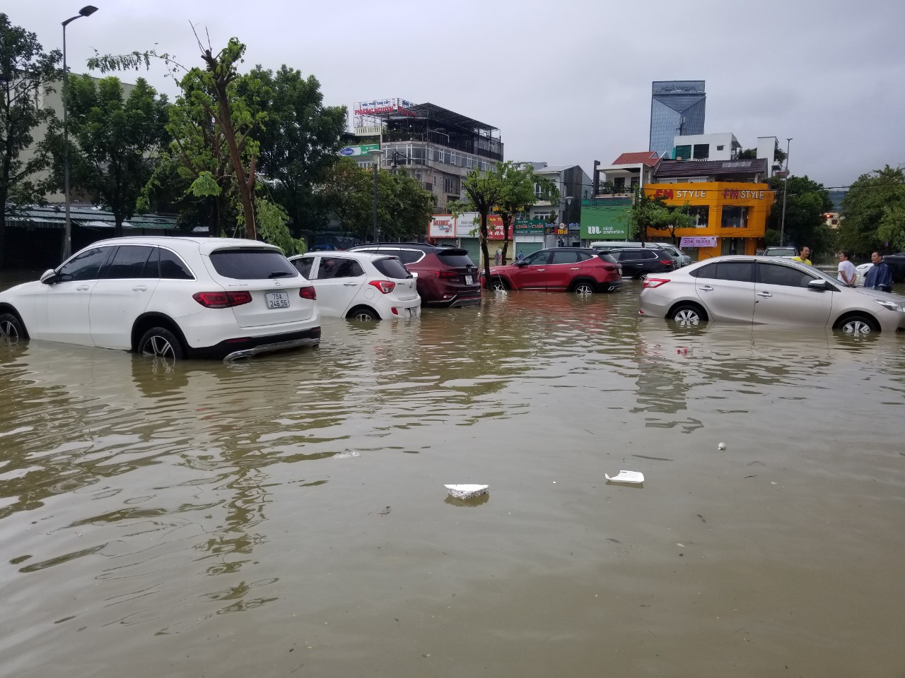 Hàng loạt ô tô được chủ xe mang đi tránh lũ trên các trục đường Tố Hữu, Võ Nguyên Giáp… bị ngập nặng do mực nước dâng cao và nhanh. Đặc biệt, tại khu vực trên cầu Phát Lát và công viên dọc đường Tố Hữu (trước UBND TP. Huế) thuộc địa bàn phường Xuân Phú, nhiều ô tô được đưa lên hai đường dẫn của cầu và công viên nhưng đều bị ngập nặng. Khu vực này người dân chủ yếu đi lại bằng thuyền máy.
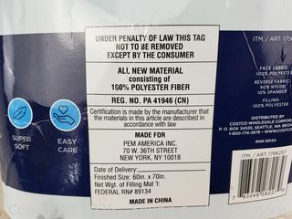 60" x 70". Has a couple small dirty spots, otherwise appears unused.
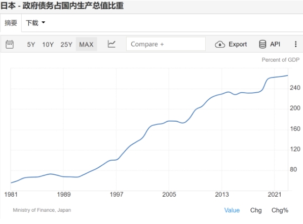 当政府负债率不断之后,只要利率上升政府的债务利息支出就会快速膨胀,让政府难以运作下去,结果日本央行就只能下场通过购买国债的手段来压制国债收益率,而央行压制国债收益率的过程就是无度印钞向市场释放基础货币的过程,当然就会导致日元的加速贬值,货币加速贬值就是国家破产的后果——全民贫困化。
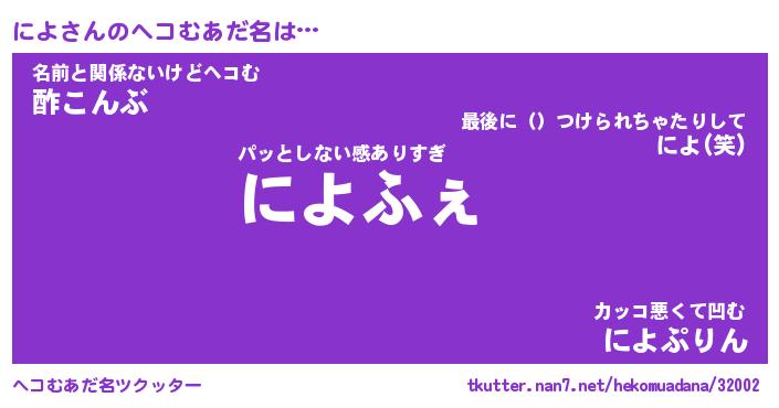 | ポケモン風あだ名 | 『ニヨチュウ』『ニヨダネ』『ヒニヨ』 |
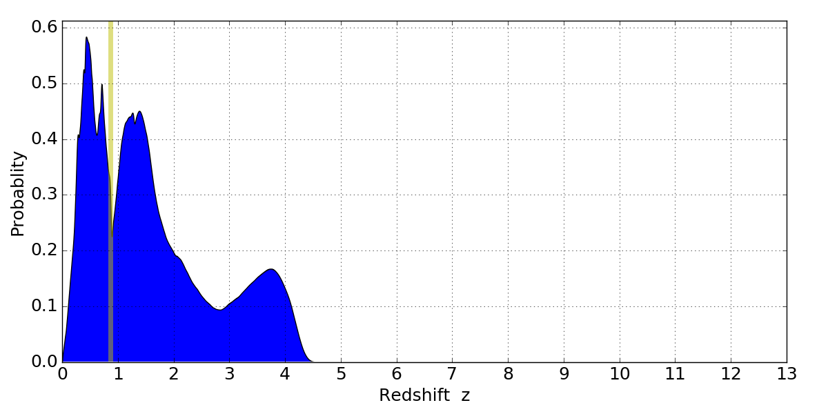 In P(z) plots: Yellow lines mark the cluster redshift z = 0.870,
○ ○ ○
Problem to work on —
Before answering, please find the line containing "ポケモン風あだ名 | 『ニヨチュウ』『ニヨダネ』『ヒニヨ』 |" above, then copy exactly from it through the last line of the entries, both included, without pictures.

Answer for the task —
 | ポケモン風あだ名 | 『ニヨチュウ』『ニヨダネ』『ヒニヨ』 |
 In P(z) plots: Yellow lines mark the cluster redshift z = 0.870,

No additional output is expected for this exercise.